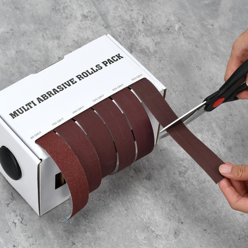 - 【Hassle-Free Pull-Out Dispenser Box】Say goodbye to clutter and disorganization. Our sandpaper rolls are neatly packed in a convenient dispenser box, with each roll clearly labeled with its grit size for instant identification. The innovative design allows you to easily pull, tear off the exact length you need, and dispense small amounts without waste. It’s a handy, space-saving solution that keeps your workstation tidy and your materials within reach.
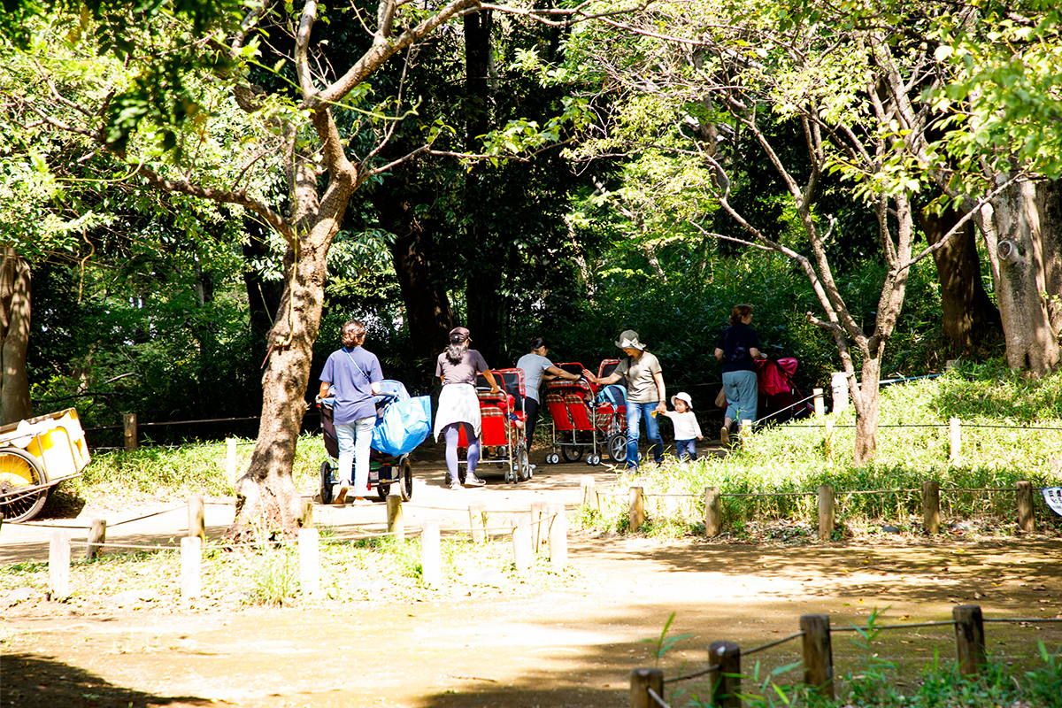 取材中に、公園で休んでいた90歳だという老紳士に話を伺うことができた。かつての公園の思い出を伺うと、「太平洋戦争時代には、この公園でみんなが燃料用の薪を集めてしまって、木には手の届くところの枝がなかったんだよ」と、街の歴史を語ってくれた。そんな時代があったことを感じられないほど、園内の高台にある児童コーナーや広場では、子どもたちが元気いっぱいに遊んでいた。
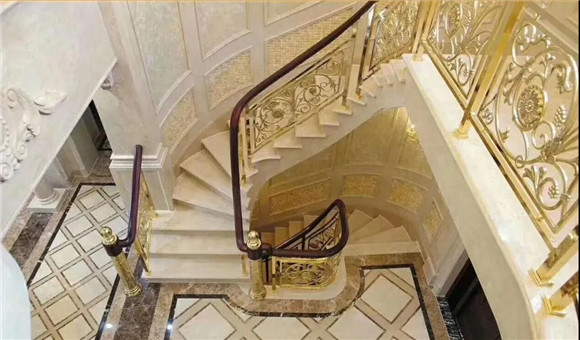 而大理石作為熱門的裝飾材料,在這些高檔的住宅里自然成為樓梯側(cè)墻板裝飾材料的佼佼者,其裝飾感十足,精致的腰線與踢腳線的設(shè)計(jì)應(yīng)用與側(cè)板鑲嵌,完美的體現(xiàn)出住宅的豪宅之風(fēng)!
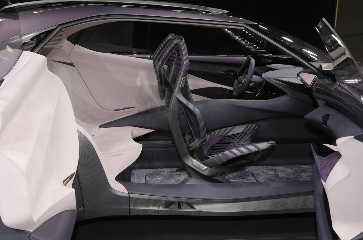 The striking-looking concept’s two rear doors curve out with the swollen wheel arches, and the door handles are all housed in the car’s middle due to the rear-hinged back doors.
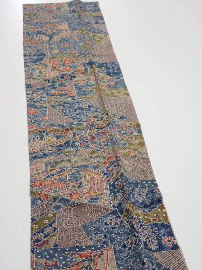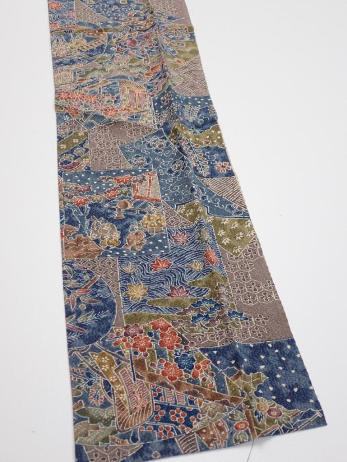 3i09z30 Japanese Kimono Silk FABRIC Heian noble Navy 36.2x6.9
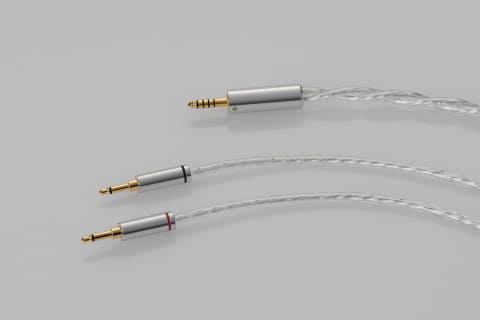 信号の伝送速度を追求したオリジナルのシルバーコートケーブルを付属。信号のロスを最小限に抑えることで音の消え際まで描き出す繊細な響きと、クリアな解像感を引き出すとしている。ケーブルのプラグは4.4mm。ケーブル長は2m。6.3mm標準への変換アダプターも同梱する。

==

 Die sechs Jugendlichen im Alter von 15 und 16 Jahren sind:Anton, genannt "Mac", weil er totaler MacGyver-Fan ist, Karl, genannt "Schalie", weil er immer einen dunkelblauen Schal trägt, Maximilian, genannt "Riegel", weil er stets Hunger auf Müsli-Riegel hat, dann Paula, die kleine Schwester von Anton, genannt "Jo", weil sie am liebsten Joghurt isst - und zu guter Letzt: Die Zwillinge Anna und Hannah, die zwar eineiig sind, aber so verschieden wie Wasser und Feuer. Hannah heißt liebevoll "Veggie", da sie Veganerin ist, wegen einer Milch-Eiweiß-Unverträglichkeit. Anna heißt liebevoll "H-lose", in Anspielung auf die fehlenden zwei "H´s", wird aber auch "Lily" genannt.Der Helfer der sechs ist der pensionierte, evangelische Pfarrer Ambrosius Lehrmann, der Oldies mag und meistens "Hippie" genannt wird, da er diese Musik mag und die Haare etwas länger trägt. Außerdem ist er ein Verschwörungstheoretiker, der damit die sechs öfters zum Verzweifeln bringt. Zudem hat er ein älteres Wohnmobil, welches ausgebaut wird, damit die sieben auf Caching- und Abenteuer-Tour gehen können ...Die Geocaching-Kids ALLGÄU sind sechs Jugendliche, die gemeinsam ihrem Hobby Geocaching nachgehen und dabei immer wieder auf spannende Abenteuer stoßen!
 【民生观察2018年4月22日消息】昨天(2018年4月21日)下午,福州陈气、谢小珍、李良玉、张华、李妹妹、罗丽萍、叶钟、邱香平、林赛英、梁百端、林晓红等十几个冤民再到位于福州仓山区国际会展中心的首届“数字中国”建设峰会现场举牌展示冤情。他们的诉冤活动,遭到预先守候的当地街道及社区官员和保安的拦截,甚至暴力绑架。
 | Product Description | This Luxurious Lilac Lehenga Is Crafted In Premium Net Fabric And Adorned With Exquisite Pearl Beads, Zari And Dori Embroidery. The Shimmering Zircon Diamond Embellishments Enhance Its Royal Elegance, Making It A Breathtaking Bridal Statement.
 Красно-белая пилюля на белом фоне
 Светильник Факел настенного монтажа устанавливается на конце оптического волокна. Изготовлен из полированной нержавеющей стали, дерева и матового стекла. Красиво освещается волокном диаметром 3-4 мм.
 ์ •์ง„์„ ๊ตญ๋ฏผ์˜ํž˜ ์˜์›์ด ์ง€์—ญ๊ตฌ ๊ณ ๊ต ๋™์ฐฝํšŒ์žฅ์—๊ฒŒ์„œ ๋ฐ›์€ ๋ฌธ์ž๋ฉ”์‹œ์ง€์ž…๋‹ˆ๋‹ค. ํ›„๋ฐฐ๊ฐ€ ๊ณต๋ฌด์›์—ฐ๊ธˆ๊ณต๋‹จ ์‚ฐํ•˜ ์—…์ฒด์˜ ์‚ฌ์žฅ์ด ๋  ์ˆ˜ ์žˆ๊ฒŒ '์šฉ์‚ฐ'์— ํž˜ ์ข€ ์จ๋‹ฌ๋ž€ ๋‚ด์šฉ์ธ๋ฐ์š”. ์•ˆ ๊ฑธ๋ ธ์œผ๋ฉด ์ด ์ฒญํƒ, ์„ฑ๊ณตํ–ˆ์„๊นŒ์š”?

Description of the task -
Starting at the line containing "取材中に、公園で休んでいた9" and stopping at the line containing "信号の伝送速度を追求したオリ", output each line exactly as it appears above. Leave out the pictures.

Exercise output -
 取材中に、公園で休んでいた90歳だという老紳士に話を伺うことができた。かつての公園の思い出を伺うと、「太平洋戦争時代には、この公園でみんなが燃料用の薪を集めてしまって、木には手の届くところの枝がなかったんだよ」と、街の歴史を語ってくれた。そんな時代があったことを感じられないほど、園内の高台にある児童コーナーや広場では、子どもたちが元気いっぱいに遊んでいた。
 而大理石作為熱門的裝飾材料,在這些高檔的住宅里自然成為樓梯側(cè)墻板裝飾材料的佼佼者,其裝飾感十足,精致的腰線與踢腳線的設(shè)計(jì)應(yīng)用與側(cè)板鑲嵌,完美的體現(xiàn)出住宅的豪宅之風(fēng)!
 The striking-looking concept’s two rear doors curve out with the swollen wheel arches, and the door handles are all housed in the car’s middle due to the rear-hinged back doors.
 3i09z30 Japanese Kimono Silk FABRIC Heian noble Navy 36.2x6.9
 信号の伝送速度を追求したオリジナルのシルバーコートケーブルを付属。信号のロスを最小限に抑えることで音の消え際まで描き出す繊細な響きと、クリアな解像感を引き出すとしている。ケーブルのプラグは4.4mm。ケーブル長は2m。6.3mm標準への変換アダプターも同梱する。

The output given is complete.